至于为什么……胤禛抿了抿唇,感觉嗓子眼发干,匆匆喝下一杯酒,竟有些不敢面对自己刚才的绯思。

如果是那恼人的混账做这些打扮,他想……想看她哭得比梦里更厉害,心头的恨定能消散一空。

越想胤禛越觉得浑身发烫,半垂的眸子扫见面前喝过的汤,心里大概清楚自己为何心思浮动。

有了理由,就更忍不住放纵脑海中越来越深的欲念。

他压住想扯衣领的动作,无法克制地多喝了几杯酒。

胤禛的酒量并不算好,等回到养心殿时,他人已经有些不太清醒。

苏培盛小心伺候着他躺下,“万岁爷,太后娘娘叫人来给您送醒酒汤,可要叫人进来?”

胤禛觉得身体里的燥热一股一股往上涌,朦胧中,似乎看到一抹纤细的身影跨进了门。

这混账实在是大胆,竟敢不经通传就进他的寝殿!

小手还敢一下一下在自己唇边擦,而后竟顺着唇角往下……下到胆大包天的地方。

再一恍惚,幔帐内突然空无一人了。

那混账呢?

撩拨到一半就跑了?

这要是不收拾,往后怕是要骑他脖子上天!

他捏着额角努力让自己清醒些,脑子却昏昏沉沉无法彻底清明。

胤禛低低喘了几声,闭上眼努力压住躁意。

“让她滚进来!”

一抹湖绿色清雅身影,提着黄花梨木食盒进了大殿,身上带着温暖又清甜的香气。

苏培盛挥挥手,叫其他人都出去,自己在门口守着,由着来人伺候皇上用醒酒汤。

不过……如他所料,这醒酒汤派不上用场。

人进去不过半刻钟,苏培盛就意料之中地听到一声低低的惊呼,很快里头就变了动静。

苏培盛抬头望天,十八的月亮,依旧圆滚滚地挂在天边。

听着里头愈发剧烈的声音,苏大总管唇角掀起一抹欣慰的笑,这千秋节可特娘算是圆满咯!

刚感叹完,苏培盛蓦地一低头,就瞧见不远处,有宫人提着宫灯伴着一顶软轿往这边来。

皇后有凤撵,宫里能坐软轿的,如今只有齐妃和懋嫔。

懋嫔没这胆子往御前来,齐妃娘娘那胆子和醋劲儿……苏培盛倒吸口凉气,头皮发麻。

第19章 入v公告

苏培盛顾不得多想,招手叫赵松过来守门,自己紧着几步蹿下台阶,到殿前的白玉石地坪上等着。

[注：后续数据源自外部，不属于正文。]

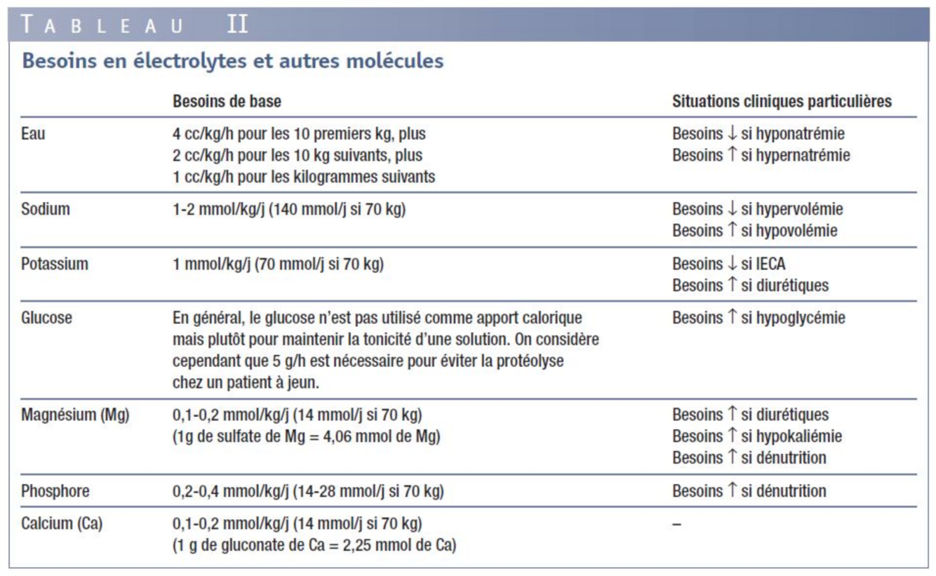 Un jeune de 16 ans a subi un accident de motocross. L’évaluation clinique démontre une fracture déplacée du plateau tibial gauche. L’hémodynamie est normale et le patient est gardé à jeun en prévision d’une réduction ouverte. La chirurgie est prévue aussitôt que le bloc opératoire sera libre. Après avoir immobilisé la fracture et soulagé le patient, vous désirez installer un soluté D5%NaCl 0,45% à débit d’entretien.

不疾不徐靠近的石青色软轿轻晃落地,摇曳出一抹桃红色身影。

云鬓朱唇,双开襟的宫装露出修长脖颈,桃花扣的旗装掐了腰,装扮出一个前凸后翘的美人。

正是齐妃李氏。

苏培盛在心里叫苦之余,也不禁感叹,虽然这位主儿没脑子,自己的孩子都养不住,潜邸受宠也不是没有缘由的。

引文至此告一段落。